Она 40 лет прожила в браке. Когда муж ушёл к другой — выяснилось, что она вообще не знает, кто она такая без него

-—

Людмила Андреевна Соколова узнала о другой женщине в среду, между покупкой гречки и выбором творога.

Она стояла в молочном отделе супермаркета, держала в руках две пачки творога — пятипроцентный и девятипроцентный, Коля всегда брал девятипроцентный, говорил, что пятипроцентный на вкус как замазка — и телефон в кармане завибрировал. Сообщение от незнакомого номера. Одна фраза:

«Ваш муж живёт у меня уже три недели. Думала, вы должны знать».
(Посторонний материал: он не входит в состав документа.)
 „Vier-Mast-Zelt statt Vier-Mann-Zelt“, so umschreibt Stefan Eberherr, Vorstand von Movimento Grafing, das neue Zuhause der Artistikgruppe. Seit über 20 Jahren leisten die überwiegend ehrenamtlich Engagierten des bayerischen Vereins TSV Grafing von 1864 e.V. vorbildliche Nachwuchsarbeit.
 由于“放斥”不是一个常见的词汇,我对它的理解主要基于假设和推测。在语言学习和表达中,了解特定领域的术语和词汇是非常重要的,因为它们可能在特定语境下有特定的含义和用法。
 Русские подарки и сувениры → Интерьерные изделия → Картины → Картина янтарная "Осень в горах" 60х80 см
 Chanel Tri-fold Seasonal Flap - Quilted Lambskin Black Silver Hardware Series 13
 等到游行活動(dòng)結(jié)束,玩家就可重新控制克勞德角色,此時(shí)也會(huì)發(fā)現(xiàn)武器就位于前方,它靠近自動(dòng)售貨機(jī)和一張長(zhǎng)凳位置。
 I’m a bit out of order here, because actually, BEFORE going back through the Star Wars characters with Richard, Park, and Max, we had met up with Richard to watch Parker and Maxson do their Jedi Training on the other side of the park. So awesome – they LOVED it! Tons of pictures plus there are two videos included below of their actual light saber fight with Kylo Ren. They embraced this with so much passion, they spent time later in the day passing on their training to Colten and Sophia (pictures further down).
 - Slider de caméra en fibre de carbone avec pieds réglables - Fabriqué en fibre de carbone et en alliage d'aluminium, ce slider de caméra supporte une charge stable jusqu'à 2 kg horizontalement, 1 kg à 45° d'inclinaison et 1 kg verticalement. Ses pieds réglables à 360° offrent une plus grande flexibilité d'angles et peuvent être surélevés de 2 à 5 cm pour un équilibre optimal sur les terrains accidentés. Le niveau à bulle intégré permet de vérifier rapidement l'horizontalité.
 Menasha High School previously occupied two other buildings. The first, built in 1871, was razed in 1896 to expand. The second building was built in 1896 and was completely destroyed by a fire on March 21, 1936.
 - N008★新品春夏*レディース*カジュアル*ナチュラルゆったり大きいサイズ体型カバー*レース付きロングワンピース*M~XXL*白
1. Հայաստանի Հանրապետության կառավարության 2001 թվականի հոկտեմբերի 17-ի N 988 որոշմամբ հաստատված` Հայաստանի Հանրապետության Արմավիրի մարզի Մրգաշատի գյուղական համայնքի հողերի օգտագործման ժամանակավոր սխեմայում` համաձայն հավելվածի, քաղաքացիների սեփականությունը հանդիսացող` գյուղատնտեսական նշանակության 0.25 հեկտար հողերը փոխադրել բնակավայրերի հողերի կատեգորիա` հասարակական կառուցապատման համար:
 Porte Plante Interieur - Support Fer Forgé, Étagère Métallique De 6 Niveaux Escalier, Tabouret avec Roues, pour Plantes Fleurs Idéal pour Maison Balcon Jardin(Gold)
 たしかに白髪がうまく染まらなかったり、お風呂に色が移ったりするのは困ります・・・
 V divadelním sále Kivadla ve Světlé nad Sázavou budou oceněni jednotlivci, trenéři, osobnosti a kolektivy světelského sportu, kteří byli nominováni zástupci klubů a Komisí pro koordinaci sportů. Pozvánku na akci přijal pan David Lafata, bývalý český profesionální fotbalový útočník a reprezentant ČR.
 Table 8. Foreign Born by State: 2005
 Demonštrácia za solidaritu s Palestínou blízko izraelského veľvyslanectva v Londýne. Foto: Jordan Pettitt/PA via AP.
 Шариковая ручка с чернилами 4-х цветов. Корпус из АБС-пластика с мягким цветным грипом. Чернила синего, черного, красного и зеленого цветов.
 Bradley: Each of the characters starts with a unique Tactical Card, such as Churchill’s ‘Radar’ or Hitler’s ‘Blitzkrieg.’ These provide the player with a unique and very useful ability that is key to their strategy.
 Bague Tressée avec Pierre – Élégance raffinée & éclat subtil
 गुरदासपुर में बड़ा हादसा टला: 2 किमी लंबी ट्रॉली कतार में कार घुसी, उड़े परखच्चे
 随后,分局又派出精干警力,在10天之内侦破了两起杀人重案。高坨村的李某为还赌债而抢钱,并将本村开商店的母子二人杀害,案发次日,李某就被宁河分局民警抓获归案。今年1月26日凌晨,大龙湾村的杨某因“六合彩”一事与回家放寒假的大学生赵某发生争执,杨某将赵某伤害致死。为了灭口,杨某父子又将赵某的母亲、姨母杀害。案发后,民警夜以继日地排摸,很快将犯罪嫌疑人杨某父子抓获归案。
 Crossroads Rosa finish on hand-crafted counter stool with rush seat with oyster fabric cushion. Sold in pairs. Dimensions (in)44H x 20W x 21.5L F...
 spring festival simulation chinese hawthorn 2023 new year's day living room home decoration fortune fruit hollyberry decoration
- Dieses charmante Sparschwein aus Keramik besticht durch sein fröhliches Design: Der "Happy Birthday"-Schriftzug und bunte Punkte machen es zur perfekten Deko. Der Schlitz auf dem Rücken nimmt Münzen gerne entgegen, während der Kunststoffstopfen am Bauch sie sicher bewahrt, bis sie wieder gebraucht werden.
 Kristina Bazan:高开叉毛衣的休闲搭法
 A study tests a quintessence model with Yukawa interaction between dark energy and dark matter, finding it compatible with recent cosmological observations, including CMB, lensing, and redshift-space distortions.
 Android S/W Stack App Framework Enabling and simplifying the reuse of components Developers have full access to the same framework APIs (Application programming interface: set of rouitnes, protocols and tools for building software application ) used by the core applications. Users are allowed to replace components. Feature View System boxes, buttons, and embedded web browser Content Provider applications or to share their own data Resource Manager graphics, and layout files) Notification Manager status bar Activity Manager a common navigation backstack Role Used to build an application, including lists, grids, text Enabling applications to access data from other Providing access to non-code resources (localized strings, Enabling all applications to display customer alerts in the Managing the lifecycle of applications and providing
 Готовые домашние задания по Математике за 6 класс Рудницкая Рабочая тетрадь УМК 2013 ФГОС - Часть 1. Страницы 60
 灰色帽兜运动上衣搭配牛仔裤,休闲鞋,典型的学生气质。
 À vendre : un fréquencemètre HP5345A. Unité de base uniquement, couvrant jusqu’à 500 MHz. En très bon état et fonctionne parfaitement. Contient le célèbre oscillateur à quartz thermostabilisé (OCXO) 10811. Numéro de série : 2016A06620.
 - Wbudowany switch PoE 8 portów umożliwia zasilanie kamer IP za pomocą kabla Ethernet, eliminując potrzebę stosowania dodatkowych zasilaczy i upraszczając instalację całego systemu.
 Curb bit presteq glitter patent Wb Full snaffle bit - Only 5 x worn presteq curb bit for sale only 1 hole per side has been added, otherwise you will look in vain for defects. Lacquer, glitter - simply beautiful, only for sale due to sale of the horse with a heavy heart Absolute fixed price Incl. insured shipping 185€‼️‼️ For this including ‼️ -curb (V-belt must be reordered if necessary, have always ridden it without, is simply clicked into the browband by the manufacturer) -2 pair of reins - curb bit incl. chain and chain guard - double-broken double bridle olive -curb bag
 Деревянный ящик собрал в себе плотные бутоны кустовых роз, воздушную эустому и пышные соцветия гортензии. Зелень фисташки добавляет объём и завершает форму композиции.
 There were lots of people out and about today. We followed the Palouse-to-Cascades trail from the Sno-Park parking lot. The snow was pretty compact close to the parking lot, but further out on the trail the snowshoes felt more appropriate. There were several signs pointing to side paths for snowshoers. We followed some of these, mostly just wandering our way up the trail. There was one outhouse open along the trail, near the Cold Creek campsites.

Людмила Андреевна прочитала. Перечитала. Положила в корзину девятипроцентный — по привычке — и пошла к кассе.

Дома она поставила чайник, разобрала продукты, протёрла стол. Потом села и написала мужу: «Коля, позвони». Он позвонил через сорок минут — голос виноватый, но с той особенной виноватостью, за которой чувствуется облегчение. Как у человека, которого давно мучил секрет, и вот наконец всё открылось.

Разговор был коротким. Да, есть женщина. Нет, не недавно — два года. Нет, он не собирается возвращаться. Прости.

Людмила Андреевна сказала: хорошо. Повесила трубку. Допила чай.

И только потом поняла, что не знает, что делать дальше. Не в смысле — как жить после измены. В смысле — буквально. Что делать следующие два часа. Чем заниматься. Куда идти. Кому звонить.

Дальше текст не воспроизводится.